-------- DATA FOR THIS TASK --------
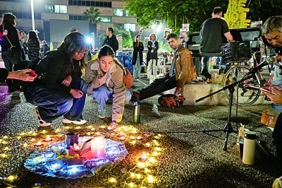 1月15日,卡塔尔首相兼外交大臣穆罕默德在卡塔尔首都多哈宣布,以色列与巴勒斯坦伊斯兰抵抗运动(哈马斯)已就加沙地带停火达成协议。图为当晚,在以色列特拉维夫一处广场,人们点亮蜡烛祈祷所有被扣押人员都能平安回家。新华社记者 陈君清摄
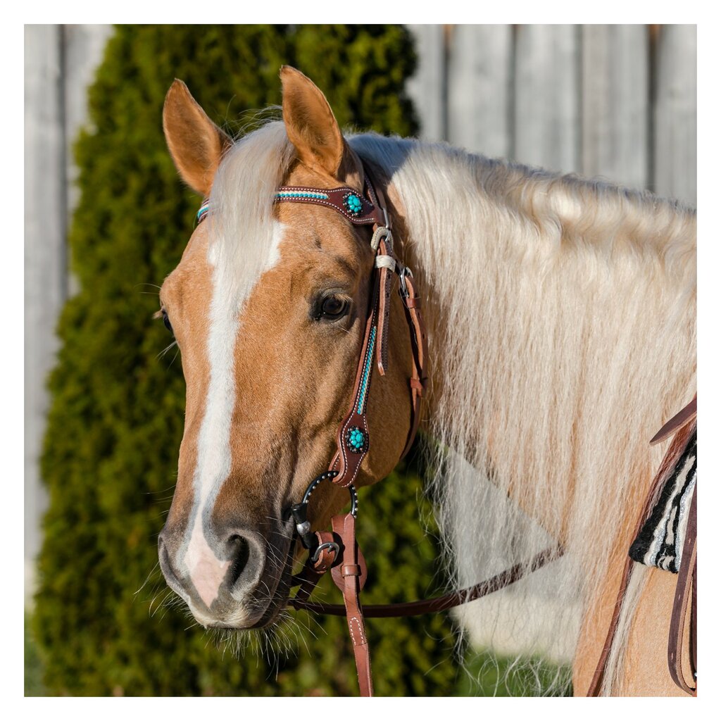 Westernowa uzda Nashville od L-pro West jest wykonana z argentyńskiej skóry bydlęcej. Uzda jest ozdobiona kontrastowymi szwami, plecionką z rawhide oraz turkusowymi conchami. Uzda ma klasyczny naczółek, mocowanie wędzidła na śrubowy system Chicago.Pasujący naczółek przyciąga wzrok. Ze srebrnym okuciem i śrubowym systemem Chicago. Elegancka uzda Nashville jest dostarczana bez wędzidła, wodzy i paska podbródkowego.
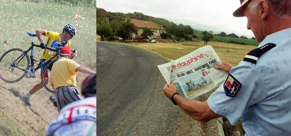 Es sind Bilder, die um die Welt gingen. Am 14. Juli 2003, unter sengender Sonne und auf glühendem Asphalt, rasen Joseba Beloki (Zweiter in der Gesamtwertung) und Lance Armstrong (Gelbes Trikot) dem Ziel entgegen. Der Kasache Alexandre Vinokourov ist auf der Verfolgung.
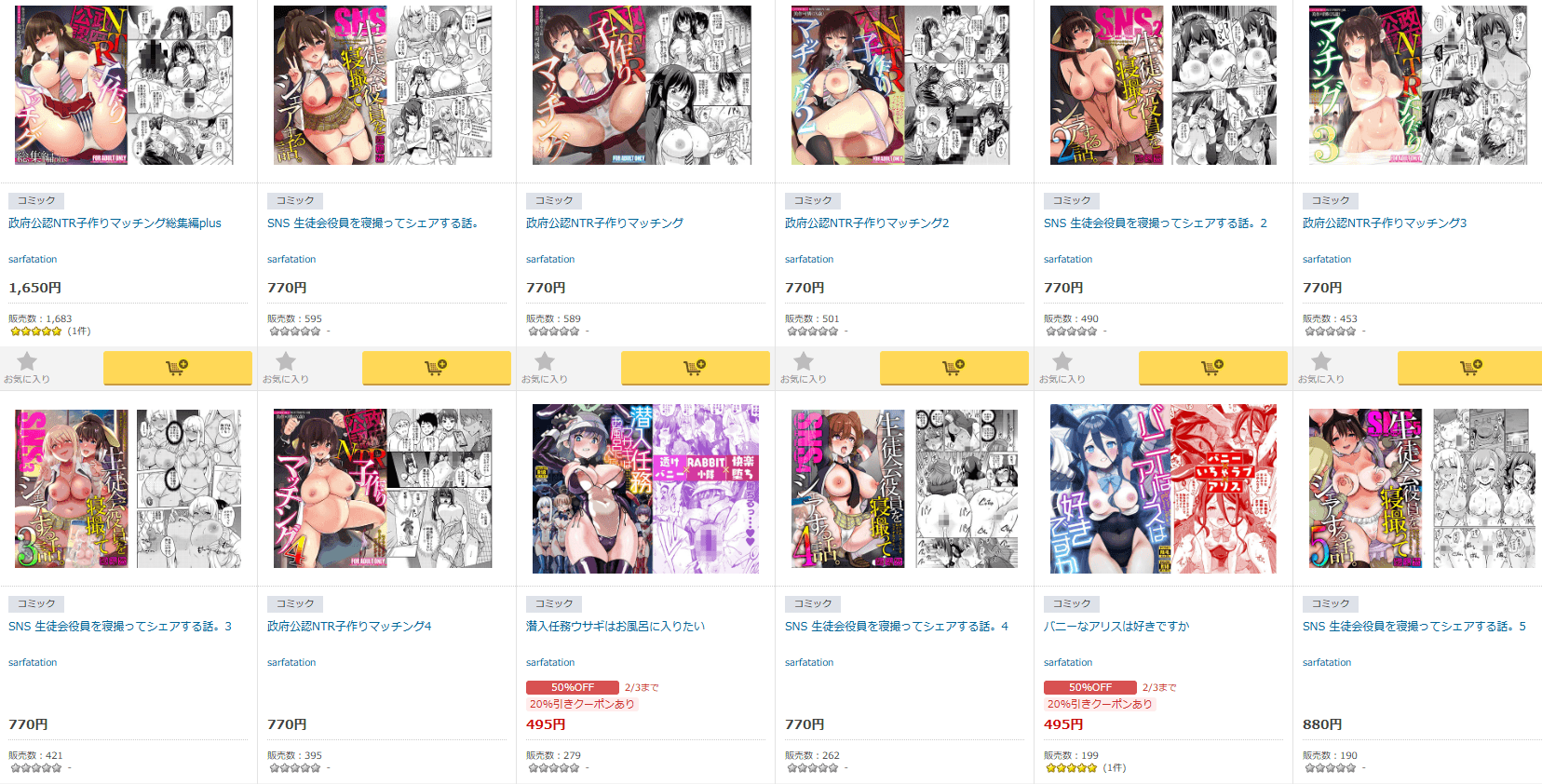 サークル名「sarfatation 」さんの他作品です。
--------
-------- DATA FOR THIS TASK --------
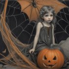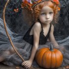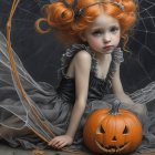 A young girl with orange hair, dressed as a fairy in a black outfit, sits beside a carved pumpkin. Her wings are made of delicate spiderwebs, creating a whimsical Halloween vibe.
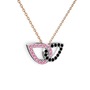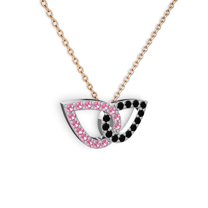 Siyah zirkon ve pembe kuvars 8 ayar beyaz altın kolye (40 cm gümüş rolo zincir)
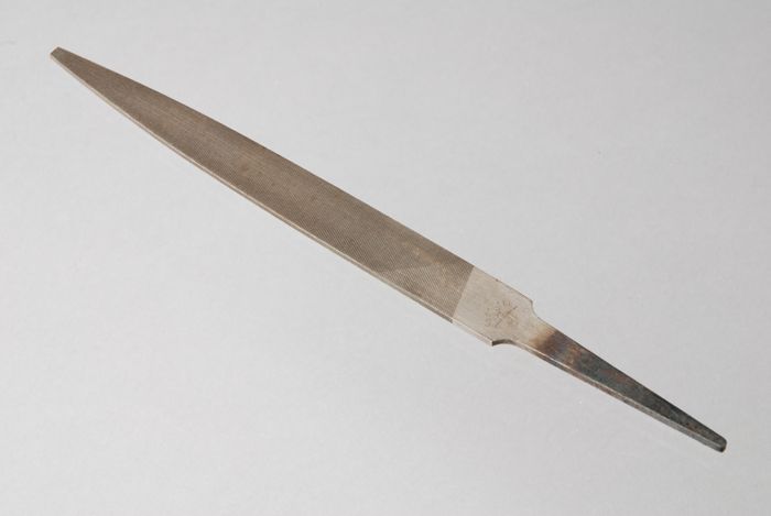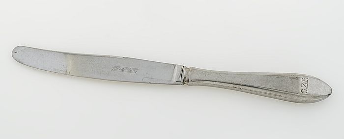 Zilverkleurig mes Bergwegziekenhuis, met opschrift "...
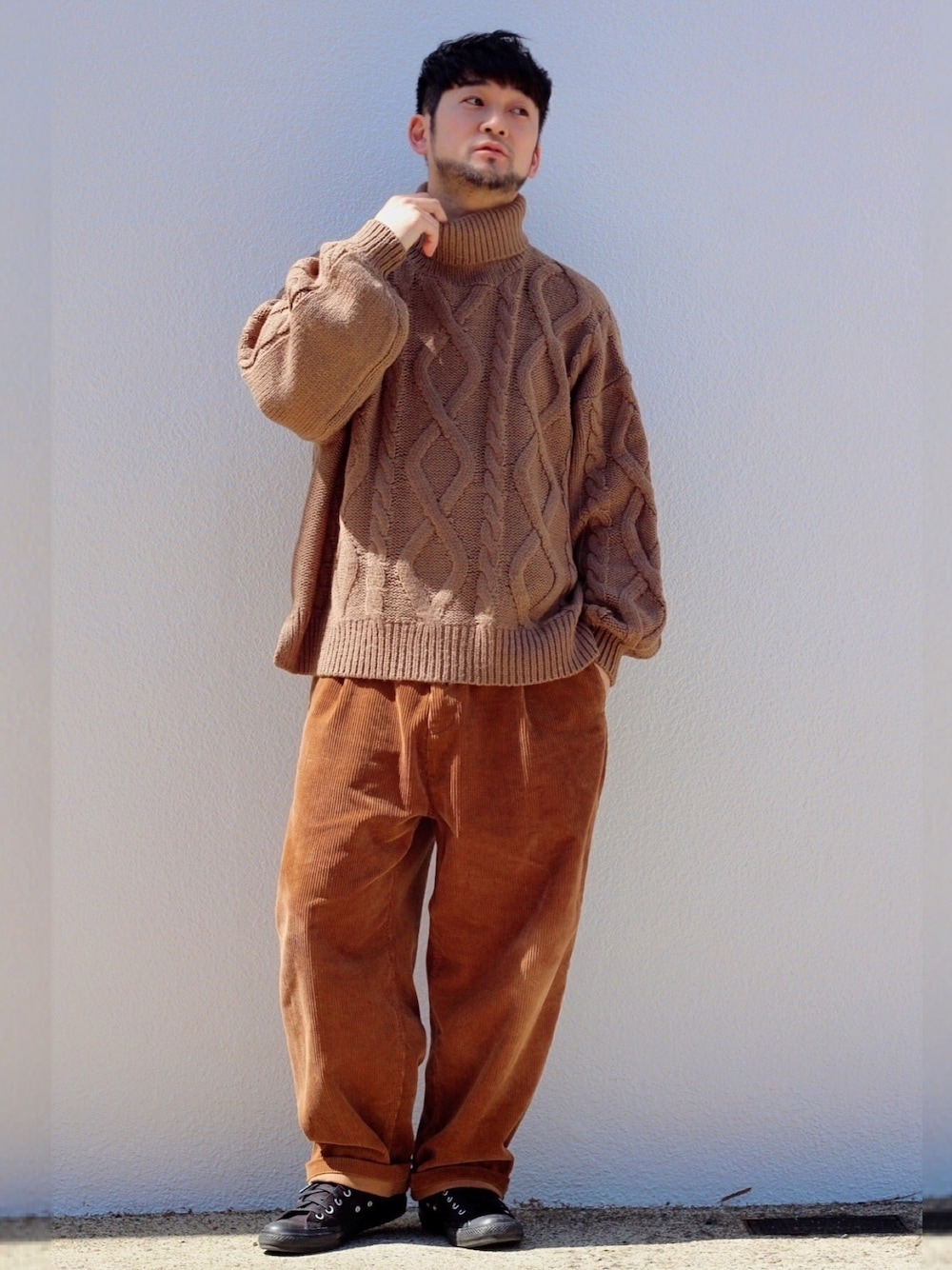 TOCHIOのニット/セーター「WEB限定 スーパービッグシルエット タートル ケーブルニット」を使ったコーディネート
--------
-------- DATA FOR THIS TASK --------
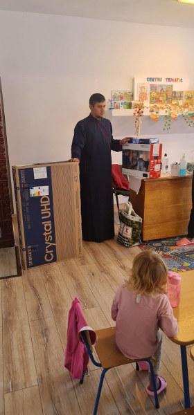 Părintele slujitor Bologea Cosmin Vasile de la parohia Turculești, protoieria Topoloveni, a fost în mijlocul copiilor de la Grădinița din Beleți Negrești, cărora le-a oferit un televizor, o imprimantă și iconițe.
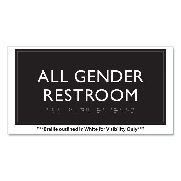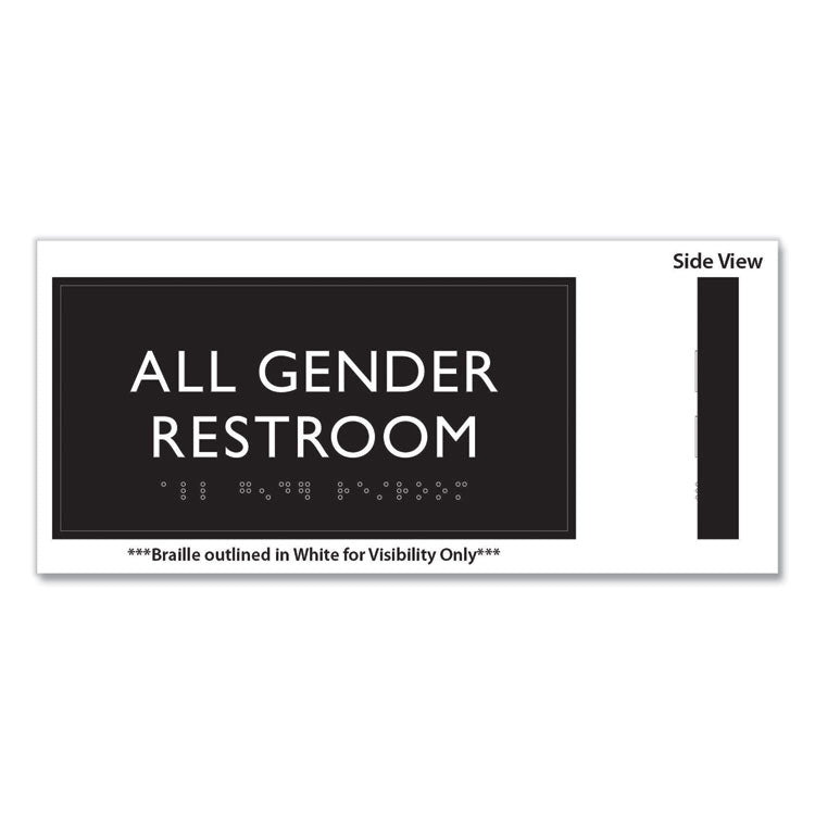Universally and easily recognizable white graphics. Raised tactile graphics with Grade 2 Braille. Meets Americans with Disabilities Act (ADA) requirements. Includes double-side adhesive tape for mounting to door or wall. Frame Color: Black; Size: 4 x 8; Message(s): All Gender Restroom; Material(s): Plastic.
--------
## ASSIGNMENT
From the data above, return exactly the lines from the one with "1月15日,卡塔尔首相兼外交" up to and including the one with "サークル名「sarfatation 」さんの他作品です。". Pictures do not go in the copy.

## EXERCISE SOLUTION
 1月15日,卡塔尔首相兼外交大臣穆罕默德在卡塔尔首都多哈宣布,以色列与巴勒斯坦伊斯兰抵抗运动(哈马斯)已就加沙地带停火达成协议。图为当晚,在以色列特拉维夫一处广场,人们点亮蜡烛祈祷所有被扣押人员都能平安回家。新华社记者 陈君清摄
 Westernowa uzda Nashville od L-pro West jest wykonana z argentyńskiej skóry bydlęcej. Uzda jest ozdobiona kontrastowymi szwami, plecionką z rawhide oraz turkusowymi conchami. Uzda ma klasyczny naczółek, mocowanie wędzidła na śrubowy system Chicago.Pasujący naczółek przyciąga wzrok. Ze srebrnym okuciem i śrubowym systemem Chicago. Elegancka uzda Nashville jest dostarczana bez wędzidła, wodzy i paska podbródkowego.
 Es sind Bilder, die um die Welt gingen. Am 14. Juli 2003, unter sengender Sonne und auf glühendem Asphalt, rasen Joseba Beloki (Zweiter in der Gesamtwertung) und Lance Armstrong (Gelbes Trikot) dem Ziel entgegen. Der Kasache Alexandre Vinokourov ist auf der Verfolgung.
 サークル名「sarfatation 」さんの他作品です。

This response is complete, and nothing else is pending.